Ce fut seulement quand tout fut terminé que l’on dénombra les morts de la Mansourah. Les pertes étaient sévères. Trois cents chevaliers avaient péri avec Robert d’Artois, plus deux cent quatre-vingts Templiers dont, en tête comme il l’avait prédit, le vieux maître Guillaume de Sonnac. Morts Érard de Brienne, Jean de Chérizy, Roger de Rozoy, l’Anglais Guillaume de Salisbury ! Morts Gérard de Fresnoy et Hugues de Croisilles ! Mort, enfin, Raoul de Coucy…
CHAPITRE XI
LE LAI DU CHÈVREFEUILLE
L’étrange mort de celle qu’elle croyait la demoiselle de Baisieux avait profondément affecté Marguerite. Non qu’elle eût eu le temps de s’attacher à cette inconnue mais, outre l’impression pénible laissée par la mort d’un être jeune et beau – en digne fille du Midi elle était sensible à la beauté à un point extrême –, le départ de l’ost lui avait ôté le moyen de savoir qui était l’assassin. Ainsi que le répétait volontiers Elvira de Fos, l’endroit où l’on avait retrouvé son cadavre désignait à l’évidence l’un des guerriers du camp.
— Elle devait être occupée de quelque affaire de cœur et l’approche du départ l’a poussée à se rendre là-bas pour un dernier revoir. La pauvre créature au lieu de rencontrer l’amour a rencontré la mort.
— C’est parole de poète, riposta dame Hersende, mais fausse pensée. Le poignard qui l’a tuée était sarrasin : cela signait le crime. Quelqu’un de ces espions meurtriers dont notre sire a eu tant de mal à purger le camp l’a trouvée sur son chemin et s’en est débarrassé…
— Le poignard n’est qu’un leurre et pour ma part je penche plus volontiers pour une histoire d’amour mal terminée : un guerrier qu’elle prétendait suivre et qui ne voulait plus d’elle… suggéra Elvira.
— Allons donc ! Votre hypothèse suppose un mouvement de colère, une haine subite contre laquelle s’inscrit le choix de l’arme. L’un des nôtres – en admettant que ce soit possible, ce que je ne pense pas ! – aurait pris ce qui lui tombait sous la main : une dague… une arme de chez nous. Votre idée évoque une préméditation indigne…
— Peut-être ! Les armes que l’on peut trouver ici sont belles, richement damasquinées, tentantes et je sais plus d’un chevalier qui en a acheté au moins une. Quant à cette malheureuse, elle n’avait au monde, je suppose, qu’un seul parent : ce jeune chevalier de Courtenay qui est fort séduisant… Il se pourrait…
— Il ne se pourrait rien ! coupa la Reine, entrant dans une colère qui l’étonna elle-même. Le chevalier de Courtenay n’est pas de ceux qui tuent les femmes !
— Il me semble pourtant avoir ouï-dire… Je ne me souviens plus trop où, qu’il fut jadis accusé d’avoir tué sa mère adoptive qui, elle, était cousine de la demoiselle de Baisieux…

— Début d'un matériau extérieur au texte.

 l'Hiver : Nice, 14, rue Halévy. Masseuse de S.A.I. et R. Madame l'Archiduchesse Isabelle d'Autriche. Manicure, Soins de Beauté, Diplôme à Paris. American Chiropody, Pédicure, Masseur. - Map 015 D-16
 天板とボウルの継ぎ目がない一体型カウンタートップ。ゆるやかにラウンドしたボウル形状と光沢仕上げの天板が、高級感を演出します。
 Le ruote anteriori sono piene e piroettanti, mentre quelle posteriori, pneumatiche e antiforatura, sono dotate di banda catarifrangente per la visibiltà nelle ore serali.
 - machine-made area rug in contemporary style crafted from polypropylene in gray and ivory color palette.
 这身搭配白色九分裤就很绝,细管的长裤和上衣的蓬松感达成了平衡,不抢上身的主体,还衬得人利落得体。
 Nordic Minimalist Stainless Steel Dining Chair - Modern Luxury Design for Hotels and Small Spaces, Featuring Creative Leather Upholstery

— Une accusation dont il a été hautement lavé et par Sa Sainteté le Pape en personne dont je vois mal quel intérêt il aurait eu à absoudre si grave péché, le pire qui soit !
— Sans doute, sans doute ! murmura Elvira qui avait pris son luth et en caressait doucement les cordes mais sans en tirer aucun son. J’implore la Reine de ne point s’irriter du souci que j’ai de faire toute la lumière sur si triste affaire. À Chypre j’avais eu l’impression que le chevalier de Courtenay n’était pas très heureux de voir sa cousine rejoindre notre cercle de dames. Celle-ci n’a pas caché qu’elle désirait vivement le suivre à la croisade… alors qu’il ne le voulait pas.
Les quelques notes légères qu’Elvira produisit avec son art habituel n’eurent aucun effet lénifiant sur Marguerite.
— En voilà assez ! coupa-t-elle. Si vous voulez demeurer auprès de moi, vous éviterez à l’avenir des propos de ce genre ! Ils me déplaisent et ils m’irritent…
— Oh ! Je ne le voulais pas et je supplie la Reine de m’accorder son pardon, gémit la chanteuse en baissant modestement les paupières.
Puis, comme Marguerite sans lui répondre se levait pour faire quelques pas au jardin intérieur sur lequel ouvrait sa chambre et appelait auprès d’elle la sage et même un peu ennuyeuse Eudeline de Montfort, Elvira, sans bouger du tapis où elle était assise, joua comme par inadvertance la musique par elle composée pour l’un des lais de Marie de France, une jeune poétesse vivant en Angleterre et dont la reine Éléonore, trois ans plus tôt, avait envoyé une copie de l’œuvre à sa sœur Marguerite. C’était celui du Chèvrefeuille, inspiré par la belle et douloureuse histoire du chevalier Tristan et de la reine Yseut.